INSTRUCTIONS FOR THE TASK: Every line from the one containing "Knitted Poncho with" through the end of the listing below must be given again exactly, and nothing else; exclude pictures.

BEGIN COLLECTED MATERIAL

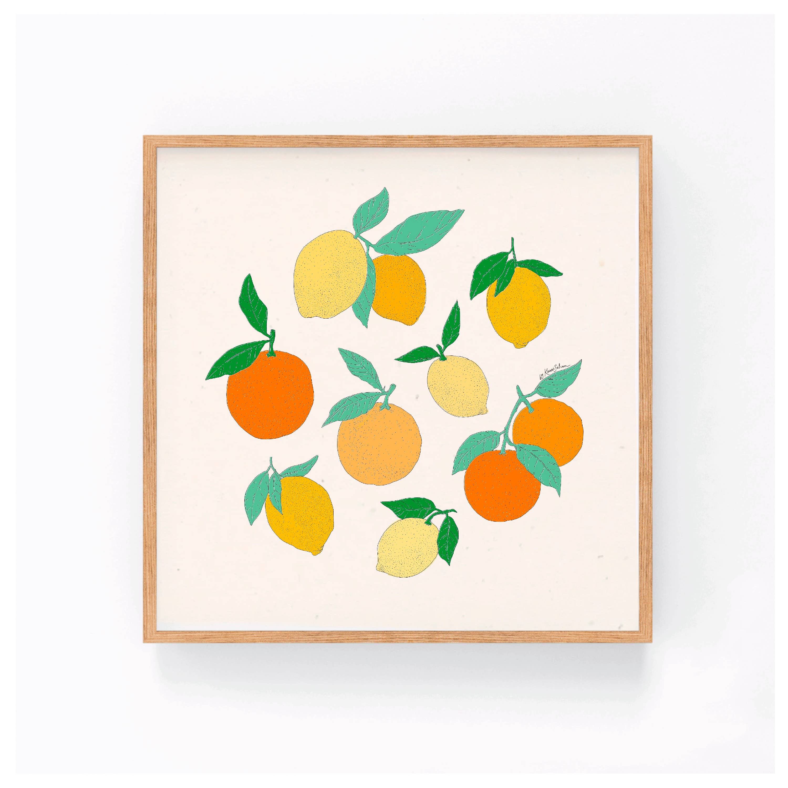 This art print features beautiful pink and orange citrus grapefruit. The original was hand painted using watercolors and white ink. Printed on a a bright white 100# uncoated stock, and comes sealed in a clear cello sleeve with a rigid backing board.
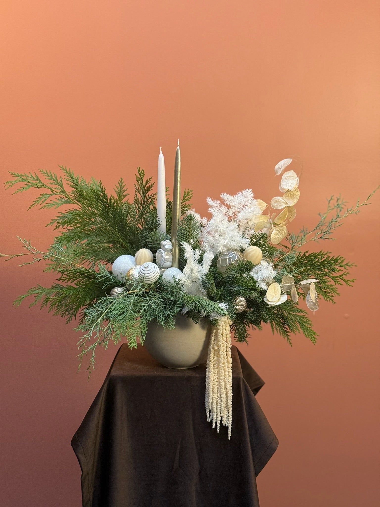 Christmas arrangement in ceramic vase with cedar, juniper and Carolina. Included preserver lunaria and ming fern. With white and gold ornament. Including candles (just for decor, don't recumbent to light, can cause fire)
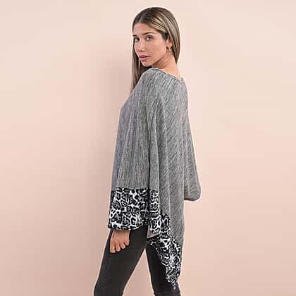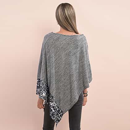 Knitted Poncho with Leopard Print Border (Size 75x80 Cm) - Grey
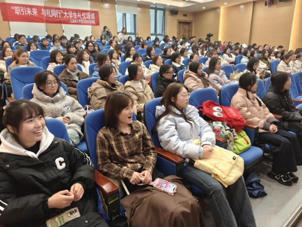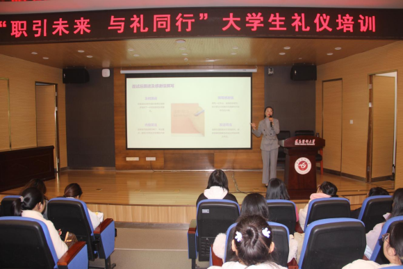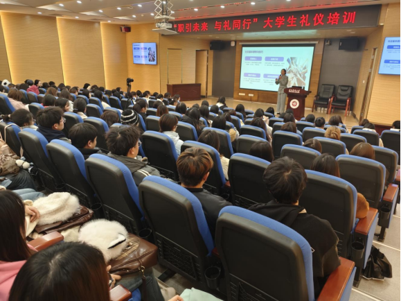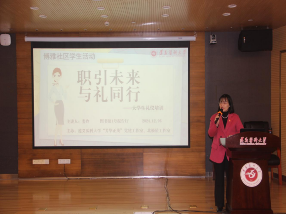 为了提升同学们的形象气质,加强老员工德育教育,助力提高员工就业竞争力,2024年12月7日15:50,“芳华正茂”党建工作室联合北极星工作室在图书馆1号报告厅举办了“职引未来 与礼同行” 老员工礼仪培训。培训由太阳成tyc7111cc员工党支部书记、“芳华正茂”党建工作室主持人杨芳主持,遵义市高级礼仪培训师娄玲主讲,博雅社区英语专业约150名员工参加。

END COLLECTED MATERIAL

OUTPUT BELOW:
 Knitted Poncho with Leopard Print Border (Size 75x80 Cm) - Grey
 为了提升同学们的形象气质,加强老员工德育教育,助力提高员工就业竞争力,2024年12月7日15:50,“芳华正茂”党建工作室联合北极星工作室在图书馆1号报告厅举办了“职引未来 与礼同行” 老员工礼仪培训。培训由太阳成tyc7111cc员工党支部书记、“芳华正茂”党建工作室主持人杨芳主持,遵义市高级礼仪培训师娄玲主讲,博雅社区英语专业约150名员工参加。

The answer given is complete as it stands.